4. Make the world a better place
Do your actions make life easier for those around you? Is the world a better place because of what you think, do and say each day?

Or do you make people jump through hoops to get your favor? Do you consistently ‘block’ other people’s progress?

How would you behave differently if you knew your purpose was to leave the world in a better place because you lived here? Be constructive. Be helpful.

5. Honor life.
All living beings have the right to their lives. Respect them. This applies to not only to humans (even the ones you don’t like) but to non-human creatures as well. Last summer, I accidentally severed a praying mantis while pruning some plants. I was heartsick as he stared at me mournfully it seemed, with half of his abdominal cavity missing.

While I carefully carry spiders out of my home, I still intentionally kill crickets and scorpions when I find them inside. I guess now, I’ll work on finding some non-lethal way to rid them from my home when I encounter them.

6. Do no harm.
Intentionally ending the life of another (even an ant), when living rigorously, is an extreme measure. But what about the ‘little’ harms we do during the course of life?

Have you ever tried to get someone in trouble at home or work without first discussing the situation with them with the intent to resolve it? Do you gossip?  Do you have nasty, judgmental thoughts about others?
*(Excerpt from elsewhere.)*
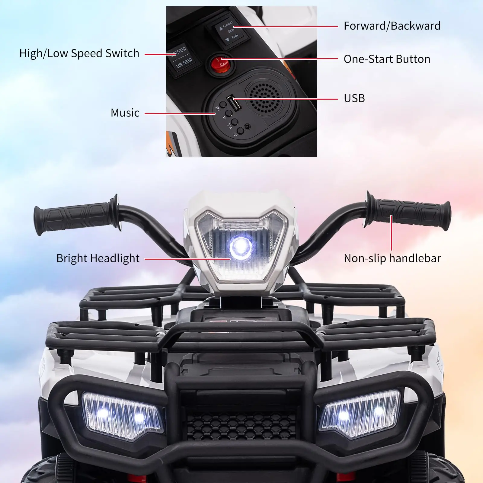 · User-Friendly Operation:Designed for young drivers, our electric ATV is incredibly easy to operate. Simply turn on the power and press the start button to get going! With dual gear options for speed control, children can easily move forward and backward using buttons, while the handlebars allow for smooth steering. Kids will quickly master their driving skills for a fun and relaxed experience.

Once I took this discipline on, I had to confront the judgments I made of others. Casting frequent silent aspersions seemed automatic at times. I’ve taken on the practice now of blessing people, especially those my internal judge initially denounces.

7. Recognize that you are the source of everything.
It’s easy to blame others for the status of the world and even for your experience of your own personal life. In the training and coaching I do, I often share the concept of “Those idiots over there…”. When you place blame on your co-workers, spouse, children, parents, siblings, neighbors, strangers, political opponents, you rob yourself of power. You pine for changes in them. You want to ‘fix’ them.

You can’t change them. You’ll never change them. And if you wait for that, you’ll be in misery forever.

The only person you can change is you. The only person who can change the experience of the life you are living is you.

When you shift your thinking, emotional responses and actions, you will start having a new experience of life. Additionally, your new perspective, behavior and words will eventually impact the people around you and their response to you will likely change as well. The dynamic of your relationship will be different.

So stop trying to fix them. Work on improving yourself.

One of my favorite sayings is, “We all have more options that we generally see and more control than we tend to take”. So I challenge you to implement the ideas mentioned here. Open your eyes to options that are currently hidden from your view and take control of the way you live your life.